Ostracism and Exile in Ancient Greece
By Jona Lendering
Historian and Founder
One of the problems in any democracy is the possibility that a leader arises with too much charisma. Of course this is not a crime, but people with too much personal influence can become dangerous for the democratic system itself, even when their ideas are not divisive or dangerous. A well-established democracy can cope with these people, but charismatic personalities can destabilize early democracies and become tyrants (as happened several times in ancient Syracuse).
A possible measure to protect democracy would be to exile the man who was too influential, but although a very common way to protect the city from rivalries, this was a harsh measure that was only taken by the community as a whole. (In fact, the right to send people away was, like the death penalty, something in which the city-state showed its independence and autonomy.)
Because it was seen as too strong a measure, the ancient Athenians – perhaps the statesman Cleisthenes – developed the practice known as ostracism, which can be described as “exile light”. This happened in two stages.
- Every year, the People’s Assembly (ekklesia) was asked whether a vote of ostracism should be held. If there was no clear majority, this was the end of the matter. But if the people wanted to ostracize a person, a day was set, typically two months later.
- Every voter was given a potsherd (ostrakon) on which he wrote down the name of a politician he believed to be potentially dangerous. (Or he asked someone else to do the writing.) If a certain quorum was reached, the politician who had received most votes was sent away from Athens.
The difference with an ordinary exile is that the man who was ostracized remained a citizen, had to leave the city for a fixed period of ten years, did not lose his possessions, and could be recalled – which happened quite often.
Our sources are unclear about the quorum.

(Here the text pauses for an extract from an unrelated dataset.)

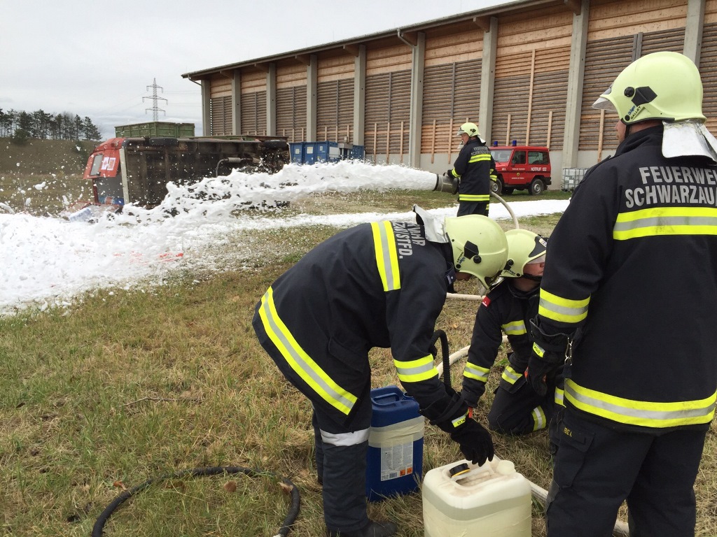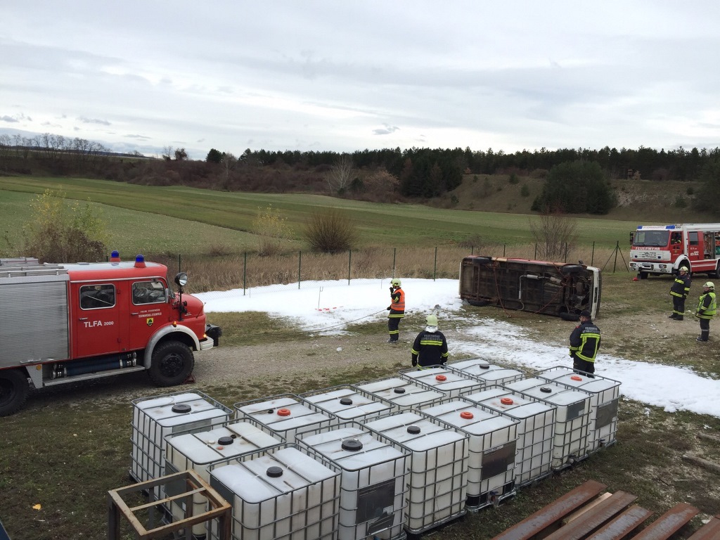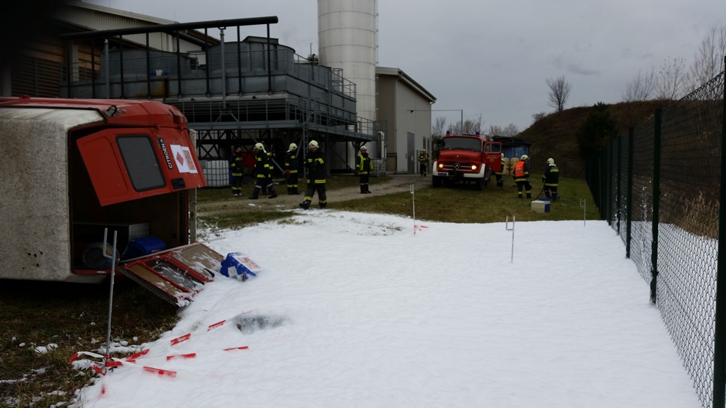 Am Sonntagvormittag, den 22. November fand im Heizkraftwerk Schwarzau die 3. Herbstübung statt. Übungsannahme war ein Verkehrsunfall mit ausgetretener Flüssigkeit.

Plutarch of Chaeronea says that a grand total of 6,000 potsherds had to be cast; Philochorus, however, states that the exiled man had to receive 6,000 votes.

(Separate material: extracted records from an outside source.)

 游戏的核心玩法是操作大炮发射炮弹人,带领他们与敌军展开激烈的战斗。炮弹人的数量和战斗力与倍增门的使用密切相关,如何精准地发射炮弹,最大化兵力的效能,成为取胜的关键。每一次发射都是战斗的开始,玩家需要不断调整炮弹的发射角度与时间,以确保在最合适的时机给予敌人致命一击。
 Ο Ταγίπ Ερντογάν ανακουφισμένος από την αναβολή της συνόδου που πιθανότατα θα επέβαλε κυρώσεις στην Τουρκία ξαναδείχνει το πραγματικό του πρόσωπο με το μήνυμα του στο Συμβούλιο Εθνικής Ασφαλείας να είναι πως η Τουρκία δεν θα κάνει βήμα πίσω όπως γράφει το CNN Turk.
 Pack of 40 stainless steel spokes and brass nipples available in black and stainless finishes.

Although the practice was intended to protect the democratic procedures against charismatic politicians, it appears that it was often used by conservatives who already had great influence against politicians who challenged their positions. On the list of ostracised people (below), several are known to have been “new men”. On the other hand, the first four names belong to people who were associated with the tyranny of the Pisistratids.
Ostracism could also be applied in the struggle between politicians. For example, in 415, there was a general feeling that the extravagant Alcibiades should leave the city, but after the decision to organize an ostracism had been taken, he found the support of Nicias, and together they were able to obtain more votes for someone else, Hyperbolus, a radical democrat.

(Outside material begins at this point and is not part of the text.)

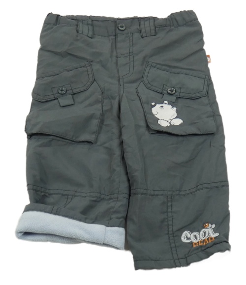 Tmavosivé šušťákové zateplené nohavice s vreckami a medvěďom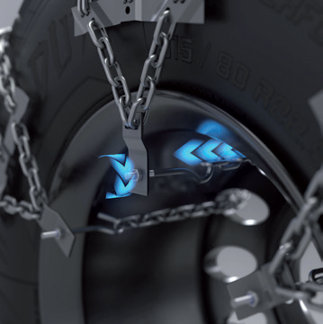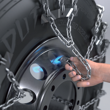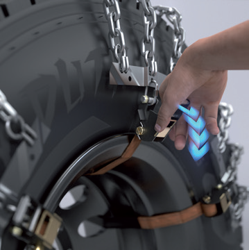 | König Tracks są połączone z bieżnikiem opony za pomocą łańcucha, z klasycznym gwintowanym systemem mocowania haka i śruby |

- 488/7 Hipparchus, son of Charmus
- 487/6 Megacles, son of Hippocrates (an Alcmeonid)
- 486/5 Callias “the Mede”
- 485/4 Xanthippus, son of Ariphron, father of Pericles
- 484/3 Callixenus, son of Aristonymus
- 483/2 Aristides “the Just”
- 472/1 Themistocles (year uncertain)
- 462/1 Cimon, son of Miltiades
- 461/0 Alcibiades, son of Cleinias
- 444/3 Thucydides, son of Milesias
- 416/5 Hyperbolus, son Antiphanes
The ostracism of an adviser of Pericles named “Damonides of Oe” or “Damon, son of Damonides of Oe” is mentioned in the Athenian Constitution, a treatise that belongs to the Corpus Aristotelicum. This ostracism cannot be dated.
After the ostracism of Hyperbolus, many people were convinced that this practice was outmoded. It was never officially abolished, but from now on, law suits were considered to be a better instrument against too powerful politicians. After a century, the Athenian democracy was well-established and no longer needed ostracism.
A similar custom existed in ancient Syracuse. The difference was that not sherds were used, but tree leaves; hence, it was called petalism. Argos, Miletus, Cyrene, and Megara sometimes organized “normal” ostracisms.